The Sorrowful Tree- Hampton (NC) 1915 Brown A

 The Sorrowful Tree- Hampton (NC) 1915 Brown A

[My title, replacing the generic title. From the Brown Collection of NC Folklore, II, 1952 and Volume IV, music. Listed as 30. The Maid Freed from the Gallows (Child 95).

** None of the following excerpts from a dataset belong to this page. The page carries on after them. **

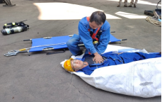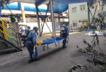 5.31日上午10時生產部接到有限空間煤氣中毒事故報告,在燒結一期濕法由于煙道檢修,有一名工人煤氣中毒后暈倒。生產部馬上啟動應急救援,10:10分兩名救援隊員攜帶擔架、急救藥箱、空氣呼吸機等器材進入演練場地,經過現(xiàn)場查看,受傷人員輕度昏迷,救援隊員將受傷人員抬在擔架上,轉移至安全場所進行人工呼吸,10:20受傷人員恢復意識。
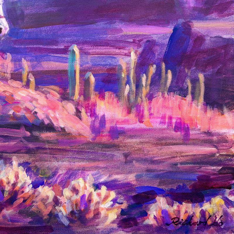 "Across the Painted Desert" is an original acrylic painting on stretched canvas by Richard Ho, hand signed by the artist. Includes Letter of Authenticity. Measures approx. 24" x 30" (image).
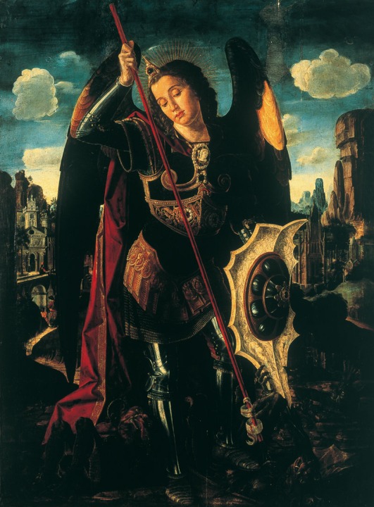 A través de la mirada de la historia del arte esta obra ha sido estimada como síntesis de influencias diversas –italianas y flamencas– que la sitúan en los umbrales del renacimiento levantino y la convierten en una de sus obras capitales. Pero por encima de las consideraciones críticas ya expuestas en el catálogo, San Miguel no puede sustraerse a esos juegos retóricos tan útiles en la pintura cristiana, simbolizando no un episodio más de los narrados en el Génesis sino la representación de la gran epopeya universal, una verdadera gigantomaquia cristiana en la que fue puesto a prueba el poder de Dios, salvado por la acción del arcángel. La gran contienda entre el bien y el mal, entre el orden racional y el caos, de la que Miguel emerge victorioso, cobra aún mayor relieve al ser presentado con un atuendo militar en el que se funden lo heroico y lo fantástico, pues algo de héroe mitológico hay en esta figura pintada como si se tratara de un nuevo Perseo enviado para destruir a la Gorgona. Sus fantásticas armas –armadura pavonada, escudo de quebrados perfiles, camafeos protectores y afilada lanza– fueron forjadas también en un taller divino.
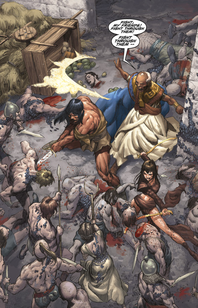 A magical battle explodes, tearing up a forgotten temple as Conan and his assassin cohort take on the most evil man of the ancient world.

Their notes follow. Rawn collected songs in Georgia c. 1910 that were given to Campbell and appeared in EFSSA, 1917, 1932.

R. Matteson 2015]


For preceding records of this ballad and its relation to theories of communal origin, see BSM 66, adding to the references there given New Hampshire (NGMS 117-18), Kentucky (BTFLS in 95), Tennessee (SFLQ XI 129-30), North Carolina (FSRA 35-6), Florida (FSF 295-9), Arkansas (OFS I 146-8), Missouri (OFS  I 143-4, 145), Ohio (BSO 62-4), Indiana (BSI 125-7), and Michigan (BSSM 146-8 — this last being the "golden ball" form, rare in this country). In only half of the North Carolina texts is it a woman that waits to be freed from the gallows ; in versions B C E K L it  is a man, and in D the sex is indeterminate. D is the only one of  our texts in which the song has been turned into a play.

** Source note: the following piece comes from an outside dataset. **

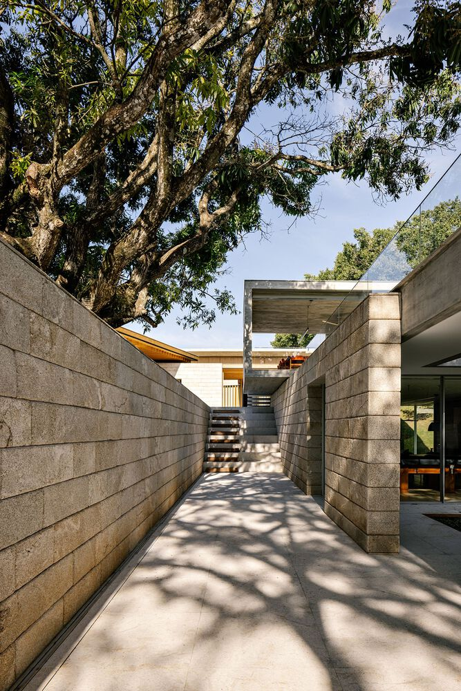 The use of exposed concrete and stone in the construction reinforces the connection to the earth. These materials are carefully arranged to create planes that organize the space and landscape, allowing for natural transitions between different areas of the house.

A. ['The Sorrowful Tree'] or 'The Maid Freed from the Gallows.' From the collection of Miss Isabel Rawn (later Mrs. W. T. Perry), who got it from Belvia Hampton of  Warne, Clay county, in 1915.

1 'Oh hangman, oh hangman,
Wait for a little while;
I see my father coming;
He's rode a many long mile.

2 'Oh father, oh father, did you bring me any gold,
Or did you bring me free,
Or have you come to see me hung
Upon the sorrowful tree?'

3 'Oh daughter, oh daughter, I did not bring you gold,
Nor did I bring you free;
But I have come to see you hung
Upon the sorrowful tree.'

This three-stanza form is repeated for mother, brother, and lover; but the lover's reply is different:

12 'Oh sweetheart, oh sweetheart, I did bring you gold
And I did bring you free,
But I did not come to see you hung
Upon the sorrowful tree.'
  ______________________________

A. 'The Maid Freed from the Gallows.' From the collection of Miss Isabel Rawn. Sung by Miss Belvia Hampton. Recorded at Warne, Clay county, in 1915.  The first two measures with up-beat are identical with those of the Nora Hicks'  version of 'Little Musgrove and Lady Barnard' (26G) as well as the E. Sanders' version of 'Leap Frog John' (vol. V). The fourth and fifth measures remind one of 'Oh, Susanna.'

For melodic relationship cf. *SharpK I No. 28A, measures 1-2. Scale: Mode III, plagal. Tonal Center: g. Structure: abca1 (2,2,2,2) = ah  (4,4).